AWS Chatbotってどんなツール?

はじめに

AWS Chatbotというサービスを聞いたことがありますでしょうか。おそらくないという方が多いでしょう。AWS Chatbotは、AWSが新たに提供を開始した「AWS内で発生したイベントを通知してくれるサービス」です。まだあまり馴染みのないサービスではありますが、AWSユーザーには非常に有益なサービスなので、今回はその機能や特徴をご紹介します。

そもそもAWSとは

まずAWSについて、簡単に解説します。AWSとはAmazon Web Serviceの略称で、クラウドコンピューティングサービスを提供しています。いくつかあるクラウドコンピューティングサービスの中でも、AWSは世界最大規模です。

AWSは圧倒的なサービス数とユーザー数を誇り、サービス数は170以上、ユーザーは世界190ヵ国に数百万人おり、日本でも10万人を超えています。
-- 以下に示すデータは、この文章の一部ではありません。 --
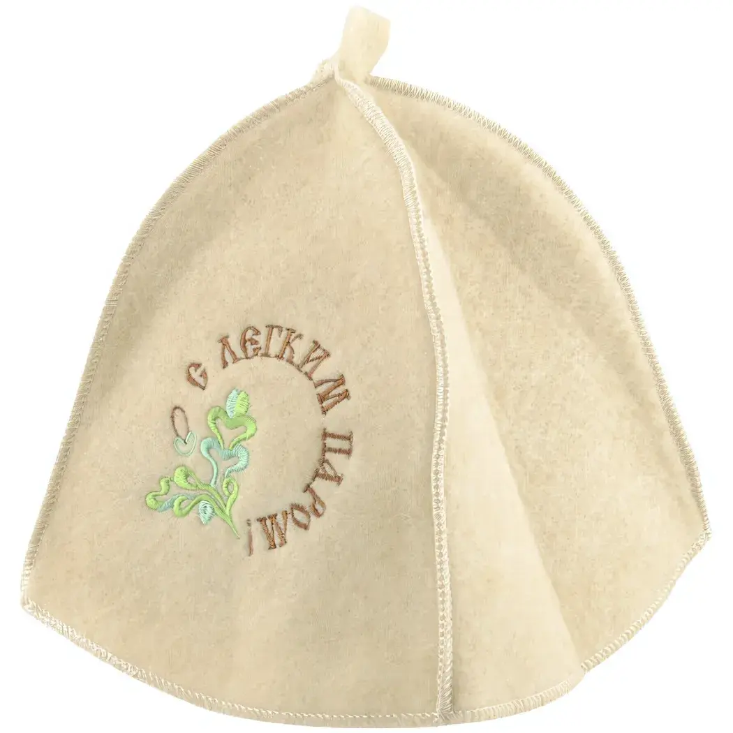 Погрузитесь в атмосферу настоящей русской бани с нашей классической банной шапкой. Она не только защитит вашу голову от перегрева, но и добавит особый уют и комфорт во время парения. Вышивка с фразой «С легким паром!» и растительным мотивом придаёт шапке уникальный стиль и делает её отличным аксессуаром для любителей банных процедур.

クラウドコンピューティングサービスはオンプレミス型のサービスと比較して情報漏洩のリスクが心配される事がありますが、AWSは元々Amazon社が自社用に開発したシステムを外部向けに公開しているという事で、その機密性の高さから厚い信頼を集めています。なお、AWSのハイレベルな耐久性と可用性を実現しているAWSのデータセンターは世界各地にあり、ユーザーはそのデータセンター の中から自由に選んで利用することが可能です。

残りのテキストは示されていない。